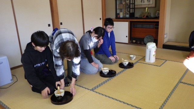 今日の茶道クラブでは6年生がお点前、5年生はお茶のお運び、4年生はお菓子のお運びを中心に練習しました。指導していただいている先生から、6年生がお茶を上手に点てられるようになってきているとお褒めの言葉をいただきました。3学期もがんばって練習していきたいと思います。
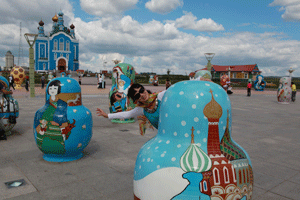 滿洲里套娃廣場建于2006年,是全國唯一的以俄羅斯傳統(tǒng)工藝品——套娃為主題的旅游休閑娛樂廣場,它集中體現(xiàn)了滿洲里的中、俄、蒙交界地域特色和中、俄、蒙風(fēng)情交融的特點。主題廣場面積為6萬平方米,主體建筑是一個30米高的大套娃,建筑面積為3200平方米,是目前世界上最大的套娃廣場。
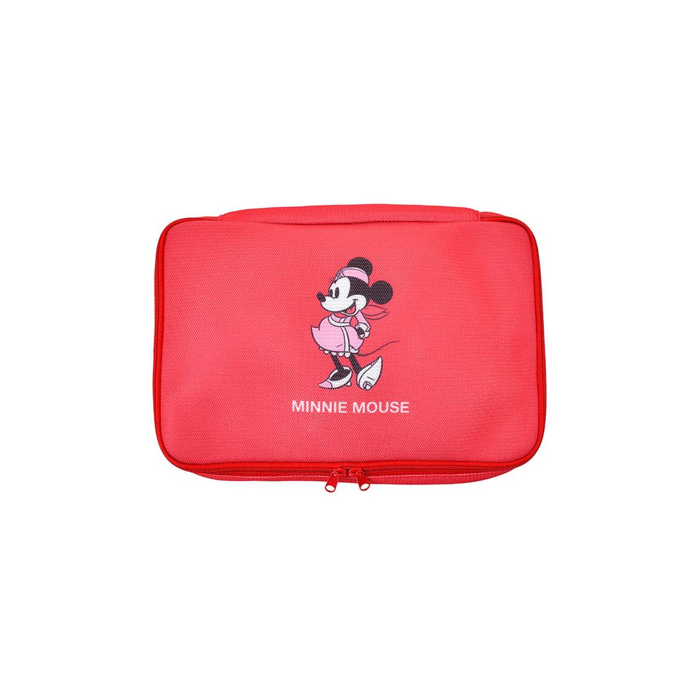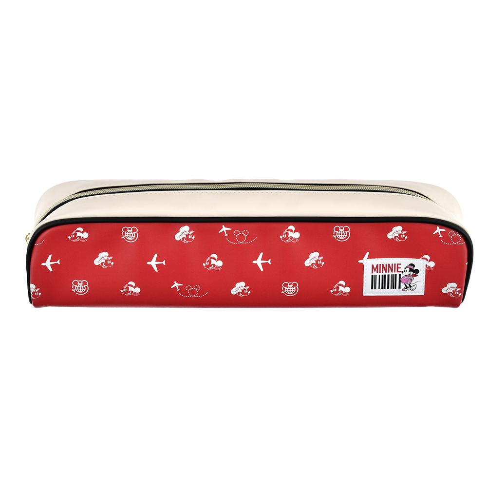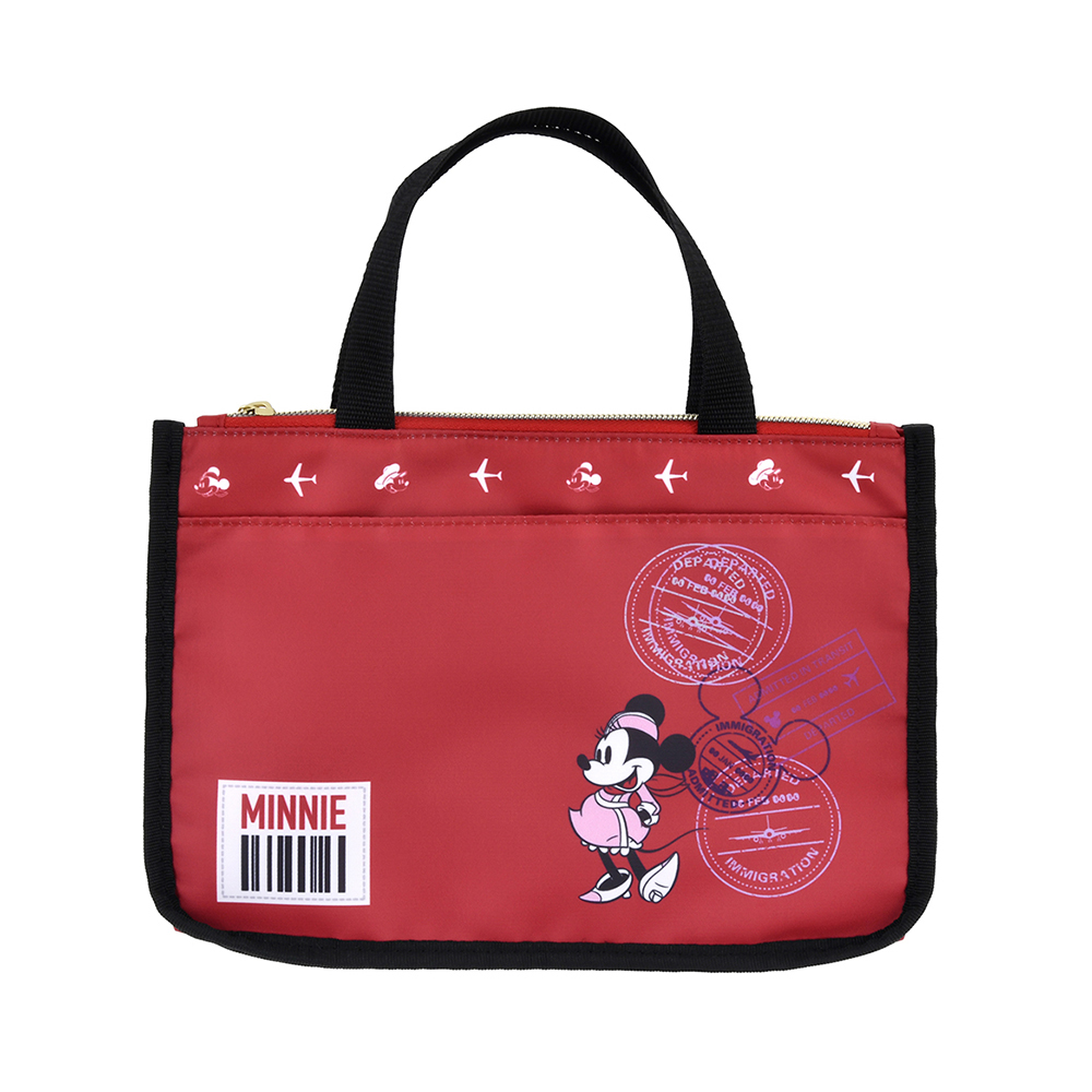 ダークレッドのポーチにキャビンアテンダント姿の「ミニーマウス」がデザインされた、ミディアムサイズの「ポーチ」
*****
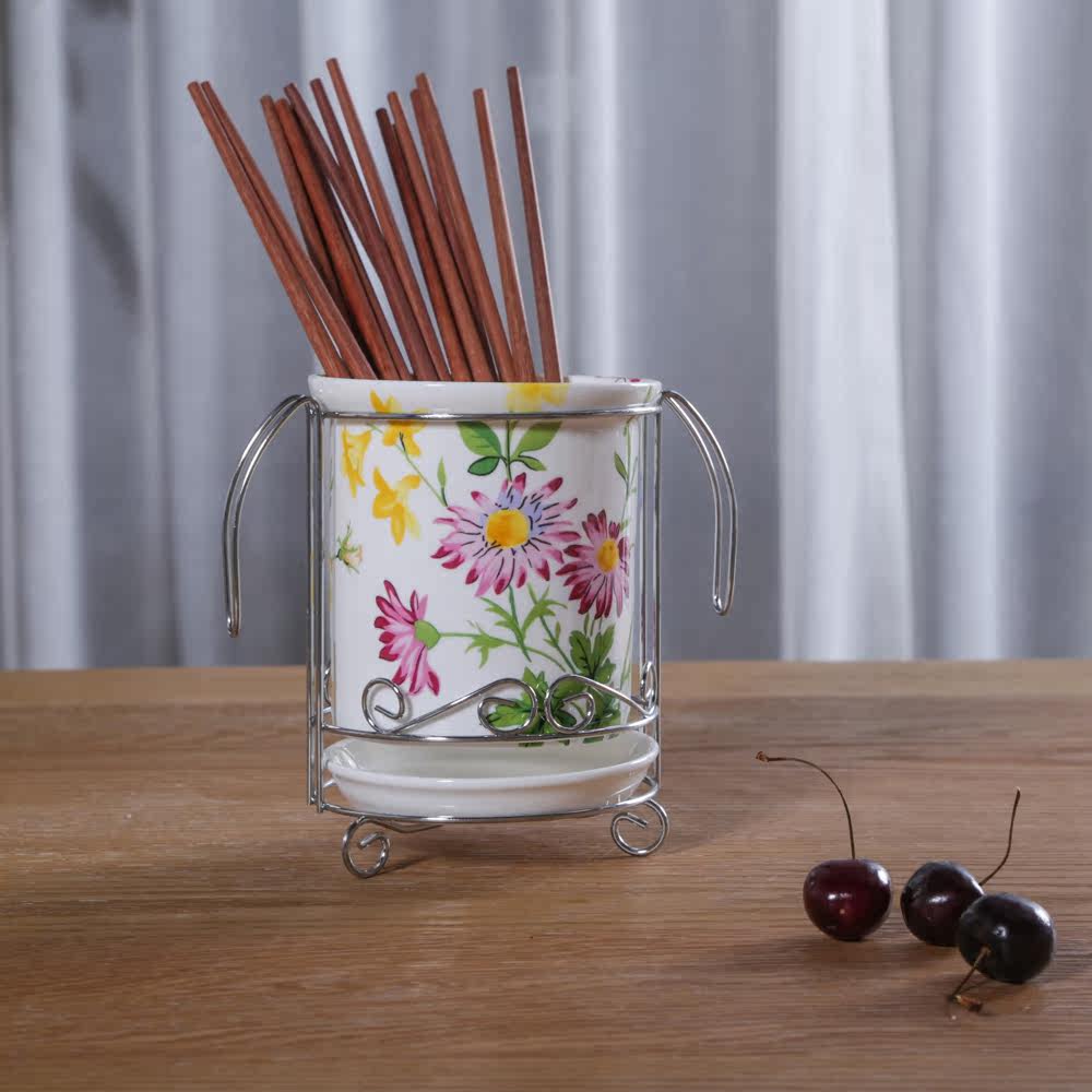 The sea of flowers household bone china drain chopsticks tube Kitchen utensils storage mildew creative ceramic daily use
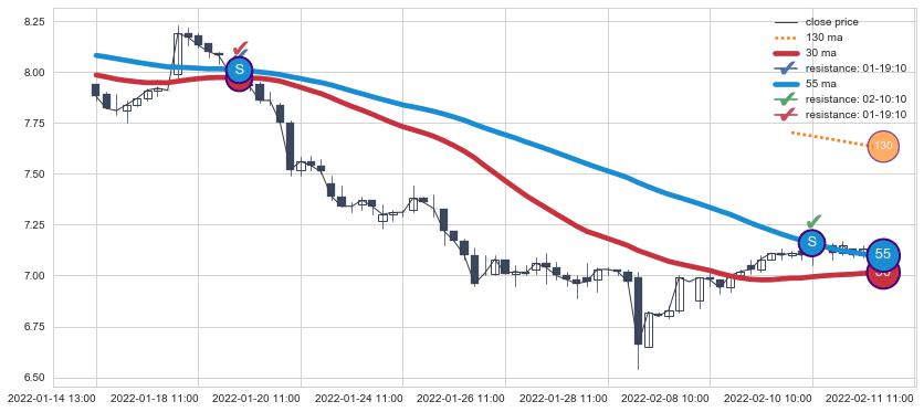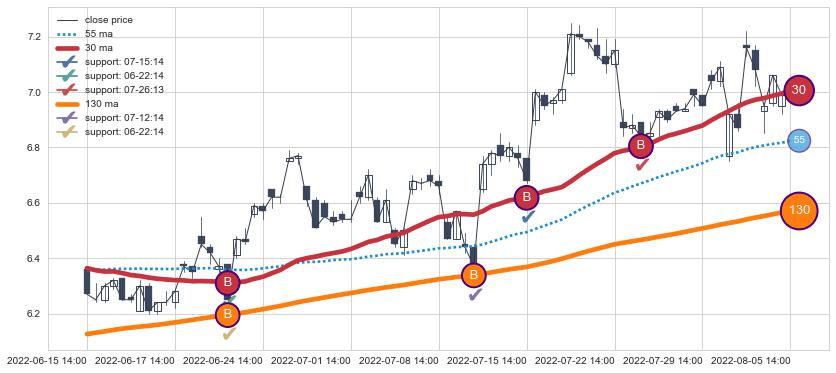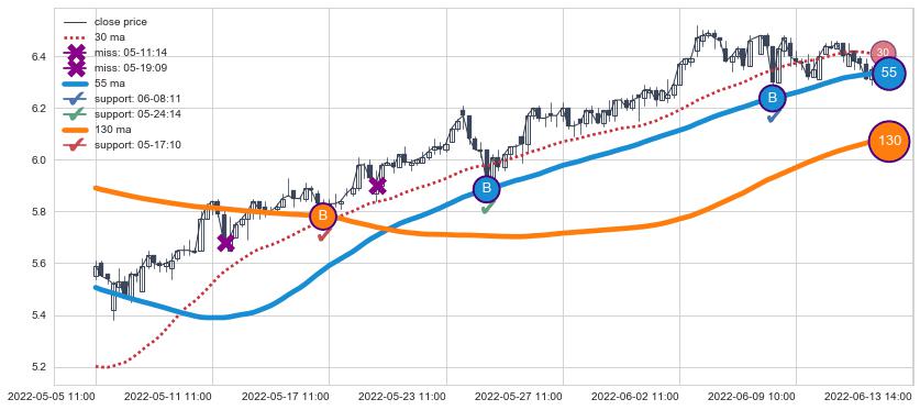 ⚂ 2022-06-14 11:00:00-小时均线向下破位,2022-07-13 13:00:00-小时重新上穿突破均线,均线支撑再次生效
*****
- [Task directions]: Among the entries above, take the line with "今日の茶道クラブでは6年生が", the line with "ダークレッドのポーチにキャビ", and all the lines between them, and restate them word for word without pictures.

- [Solution to the problem]:
 今日の茶道クラブでは6年生がお点前、5年生はお茶のお運び、4年生はお菓子のお運びを中心に練習しました。指導していただいている先生から、6年生がお茶を上手に点てられるようになってきているとお褒めの言葉をいただきました。3学期もがんばって練習していきたいと思います。
 滿洲里套娃廣場建于2006年,是全國唯一的以俄羅斯傳統(tǒng)工藝品——套娃為主題的旅游休閑娛樂廣場,它集中體現(xiàn)了滿洲里的中、俄、蒙交界地域特色和中、俄、蒙風(fēng)情交融的特點。主題廣場面積為6萬平方米,主體建筑是一個30米高的大套娃,建筑面積為3200平方米,是目前世界上最大的套娃廣場。
 ダークレッドのポーチにキャビンアテンダント姿の「ミニーマウス」がデザインされた、ミディアムサイズの「ポーチ」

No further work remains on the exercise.